Post autor: monisiaxp »

Mam pytanko. Nie chcę zakładać nowego wątku.

Bardzo zasrają mi ścianę jak klatkę koło niej położę? Dopiero co mialam remont a chcę mieć ogony na oku u mnie w pokoju.
Nie chcę zasłaniać ściany materiałami, bo często mam gości i nie wygląda to ładnie.
Ja jest u was? Nie czaskają wam po ścianach jedzeniem i nie sikają ani nie srają na nie?
dusiaczek
Posty: 1775
Rejestracja: śr paź 28, 2009 11:00 pm
Lokalizacja: Żory/Opole
Kontakt:

Re: [Klatka] - Wasze klatki

Post autor: dusiaczek »

chomiki mi po ścianach lały, ale szczur żaden.
~"zapomnialem ze ziarno tez ma uczucia i rodzine.."

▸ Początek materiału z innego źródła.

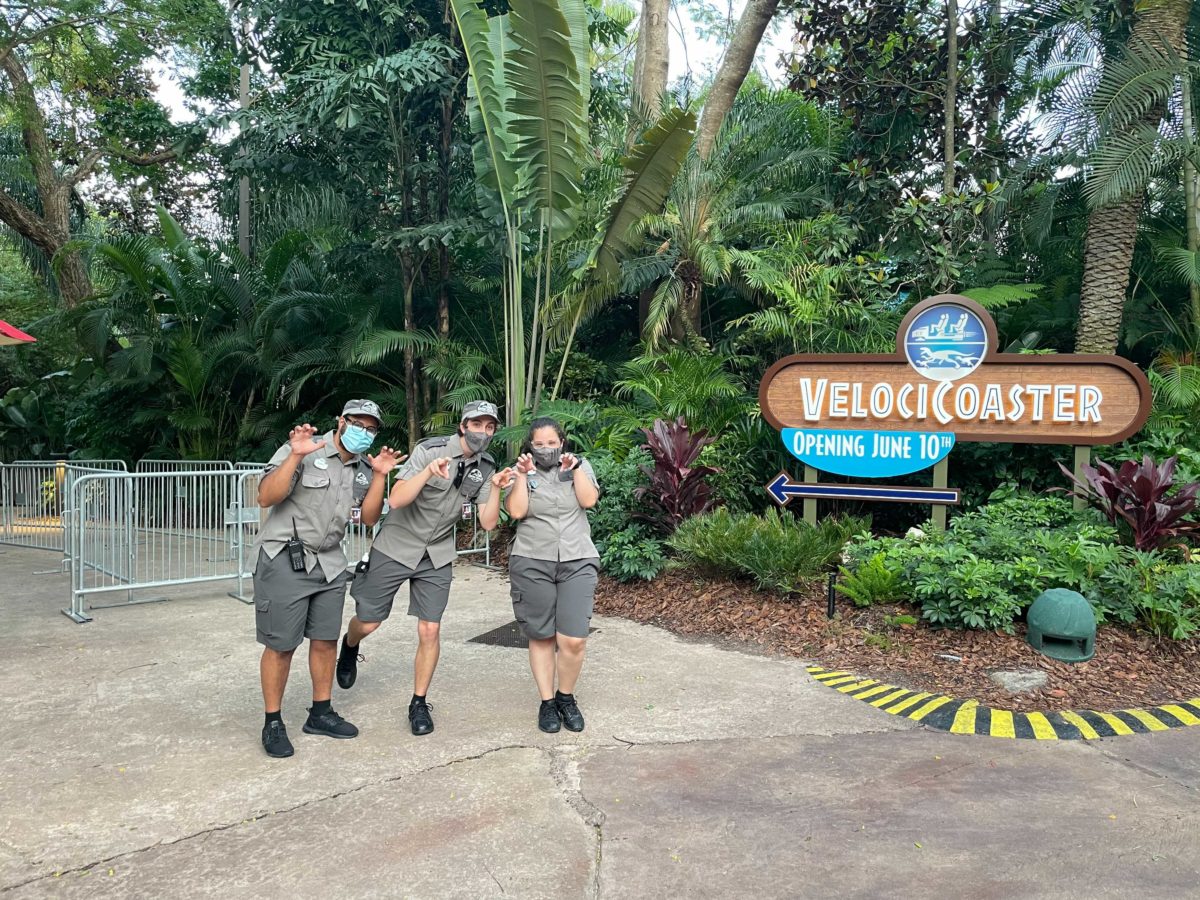 VelociCoaster Team Members were out around the pathway that leads to the entrance of the attraction. We were hoping for a soft opening, so we decided to have a little fun with the Team Members while we waited. Stand down!

~80% Twoich problemów rozwiąże Google i opcja "Szukaj" na odpowiednim forum, na pozostałe 20% wystarczy wódka.
Malachit
Posty: 3017
Rejestracja: ndz lis 02, 2008 4:20 pm
Numer GG: 2405640
Lokalizacja: Wrocław

Re: [Klatka] - Wasze klatki

Post autor: Malachit »

U mnie jak klatka stała zaraz przy ścianie, to po 2-3 miesiącach już były na niej nieładne zacieki - najlepiej postawić za klatką kawałek dykty lub kartonu wielkości klatki, nie wygląda brzydko bo jest równo za klatką, a ściana się nie brudzi.
Wyszukiwarka nie gryzie
Awatar użytkownika
monisiaxp
Posty: 455
Rejestracja: wt paź 04, 2011 3:39 pm
Lokalizacja: Małopolska/Tarnów

Re: [Klatka] - Wasze klatki

Post autor: monisiaxp »

ja zdrapywalam resztki jedzenia ze ścian
Awatar użytkownika
Libellee
Posty: 212
Rejestracja: sob mar 12, 2011 2:44 pm
Lokalizacja: Gdańsk-Wrzeszcz

Re: [Klatka] - Wasze klatki

Post autor: Libellee »

Ja też mam jakoś dziwnie ochlapaną i upaćkaną ścianę za klatką ::) Może zamiast tektury,przyczep za klatką kawał pleksy/ coś przezroczystego lub jednolitego w kolorze podobnym do ściany? - Jeżeli zależy Ci na estetyce ;)
Blanny
Posty: 1731
Rejestracja: śr sie 19, 2009 9:13 am
Lokalizacja: Warszawa/Piaseczno/Kąty

Re: [Klatka] - Wasze klatki

Post autor: Blanny »

Moja piękna, wrzosowa ściana, także za klatką jest ubadźgana czymś "dziwnym". Jakieś kropeczki, resztki czegoś, dziwne substancje... :P Jest tego mnóstwo, wygląda strasznie, jak się klatkę odstawi. :P
<3 Paulie <3 Jimi <3 Nero <3 Dante <3 Fabio <3 Nessie <3 Zero <3
Moje koszmary <3
Awatar użytkownika
monisiaxp
Posty: 455
Rejestracja: wt paź 04, 2011 3:39 pm
Lokalizacja: Małopolska/Tarnów

Re: [Klatka] - Wasze klatki

Post autor: monisiaxp »

Coś będę musiała skombinować. Moja ściana też wrzosik ::)
dusiaczek
Posty: 1775
Rejestracja: śr paź 28, 2009 11:00 pm
Lokalizacja: Żory/Opole
Kontakt:

Re: [Klatka] - Wasze klatki

Post autor: dusiaczek »

to mam chyba wyjątkowo nieekstremalne szczury ^^
~"zapomnialem ze ziarno tez ma uczucia i rodzine.."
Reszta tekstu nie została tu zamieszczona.